# [SOLVED] Free Hide Folder - Hidden & Removed Folder restoreable somehow



## Jeronimo

Hi everyone out there, I could need some help,:sigh:

I was using the Program "Free Hide Folder"

I added and hid a folder which was placed on an external hard drive.

I "removed" the hidden folder from the Free Hide Folder list.

Actually the folder should be unhidden and shown then, but it didn't.

Maybe that is because it was an external HD .?.

The created backup is older than this action, so it's no use.

Now the folder seems to be lost or hidden without access by FHF.

Has anyone a good idea how I could restore or recreate this folder?

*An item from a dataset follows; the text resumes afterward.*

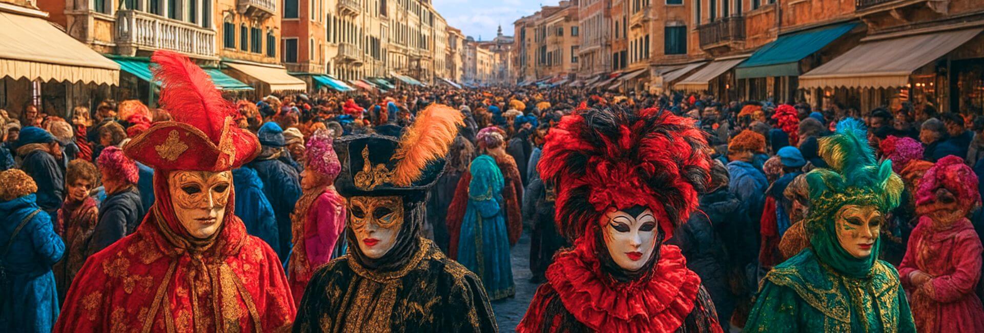 Ετοιμαστείτε να ζήσετε την πιο μαγευτική εμπειρία, ένα ταξίδι στη Βενετία κατά τη διάρκεια του διάσημου Καρναβαλιού! Η Βενετία, χτισμένη πάνω σε 119 μαγευτικά νησιά, ενωμένα με γέφυρες και διασχισμένα από γραφικά κανάλια, προσφέρει ένα τοπίο που μοιάζει βγαλμένο από παραμύθι. Ανάμεσα στους αρλεκίνους, τους μαρκήσιους και τους γοητευτικούς καζανόβες, θα ανακαλύψουμε τη μαγεία του διασημότερου καρναβαλιού της Ευρώπης. Με στολές που θυμίζουν άλλες εποχές, οι μασκαράδες γεμίζουν τους δρόμους και τις πλατείες, ανταγωνιζόμενοι ο ένας τον άλλο με την κομψότητα και τη φαντασία τους, ενώ το φως της ημέρας παραχωρεί τη θέση του στη λάμψη των βενετσιάνικων φαναριών.

Do you know any program for that?

Thank you for your answers.

Yours, Jeronimo


----------



## Jeronimo

*SOLVED: Free Hide Folder - Hidden & Removed Folder restoreable somehow*

PROBLEM SOLVED!!! :grin:

I GOT THE LINK TO A RESTORE PROGRAM

GREETS. JERONIMO


----------



## Fedayka

hello
would you mind telling what program did you use?

thanks


----------



## Fedayka

Ok, for people who want to recover hidden files/folders that were hidden by Free Hide Folder, use the program Total Commander to do so...

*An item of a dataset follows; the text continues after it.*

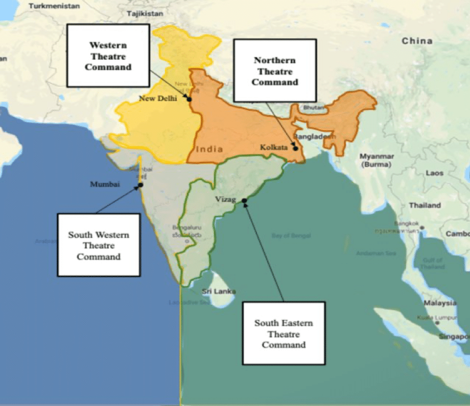 Le CoSC a largement finalisé la création de trois Commandements conjoints ou théâtraux : deux axes terrestres orientés chacun vers un adversaire spécifique, et un commandement maritime. Le Commandement du Théâtre Nord, concentré sur la menace chinoise, devrait être basé à Lucknow. Le Commandement du Théâtre Ouest, focalisé sur le Pakistan, serait implanté à Jaipur. Enfin, un Commandement maritime, chargé des intérêts stratégiques maritimes de l’Inde, serait installé à Thiruvananthapuram.

The Free Hide Folder simply renames your folder and set it to be like a System Folder... so, using the Total Commander Software, look for a nasty renamed system folder where your folder should be and copy your files to another place.

That's it..


----------



## amitku.mib

can u please elaborate on how to restore hidden folder. I have same problem. I downloaded total commander but do not know how to use it. PLEASE provide step by step detail.


----------



## macer

Fedayka:

Could you please tell us how u managed to restore your files with Total Commander because i have the same problem and lost about 2gb of pictures when using Free Hide Folder and now i can`t find them on the drive, very frustrating so if you please could guide me on using TC i would appreciate it very much.

Thanks in advance.
Macer.


----------



## quetzalito2k

This may be too late but wanted to tell you that they have this utility to restore your files the only problem is that they do not tell you how to use it. You can download the restore tool from http://www.cleanersoft.com/download/tools/Restore.exe. 

Before you install this utility you have to uninstall FHF. I will contact them to see if they have instructions as of how do to this.

If any of you finds the way to use this restore program please let me know.


----------